→ **WHAT TO WORK ON**
Could you output exactly the lines running from the one containing "El próximo viernes" to the final line of the listing below, leaving out pictures?

→ **SUPPLIED MATERIAL**
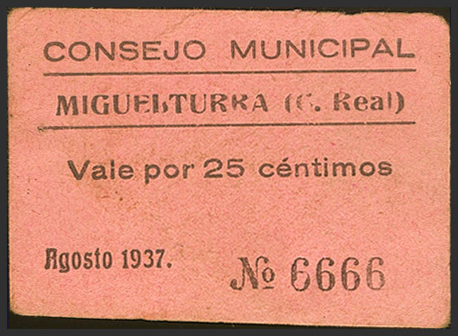 MIGUELTURRA (CIUDAD REAL). 25 Céntimos. Agosto de 1937. (González: 3536). Muy raro. EBC.
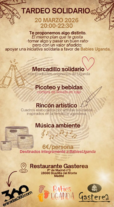El próximo viernes 20 de marzo de 2026, entre las 20.00 y las 22.30, la ONG Babies Uganda organiza en el restaurante Gasterea un tardeo con un objetivo especial: apoyar su labor en Uganda.
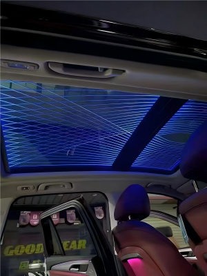 Ce produit est un système d'éclairage d'ambiance haut de gamme spécialement conçu pour l'intérieur des voitures. Il comprend un éclairage d'ambiance intérieur, un plafonnier ciel étoilé et un film pour toit ouvrant panoramique. Solution complète pour sublimer l'ambiance de votre voiture, il est compatible avec la plupart des modèles. Grâce à une technologie sophistiquée à fibre optique, un ciel étoilé éblouissant, semblable à une galaxie, est projeté sur le toit. Vous pouvez ajuster la couleur et le mode de la lumière étoilée selon votre humeur, sublimant instantanément le style et l'atmosphère romantique de votre intérieur, offrant aux conducteurs et aux passagers un plaisir visuel et une expérience immersive sans précédent.
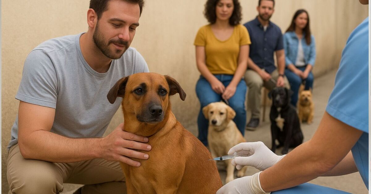 Vacinação antirrábica em animas domésticos. Foto: Reprodução/IA

→ **SOLUTION**
El próximo viernes 20 de marzo de 2026, entre las 20.00 y las 22.30, la ONG Babies Uganda organiza en el restaurante Gasterea un tardeo con un objetivo especial: apoyar su labor en Uganda.
 Ce produit est un système d'éclairage d'ambiance haut de gamme spécialement conçu pour l'intérieur des voitures. Il comprend un éclairage d'ambiance intérieur, un plafonnier ciel étoilé et un film pour toit ouvrant panoramique. Solution complète pour sublimer l'ambiance de votre voiture, il est compatible avec la plupart des modèles. Grâce à une technologie sophistiquée à fibre optique, un ciel étoilé éblouissant, semblable à une galaxie, est projeté sur le toit. Vous pouvez ajuster la couleur et le mode de la lumière étoilée selon votre humeur, sublimant instantanément le style et l'atmosphère romantique de votre intérieur, offrant aux conducteurs et aux passagers un plaisir visuel et une expérience immersive sans précédent.
 Vacinação antirrábica em animas domésticos. Foto: Reprodução/IA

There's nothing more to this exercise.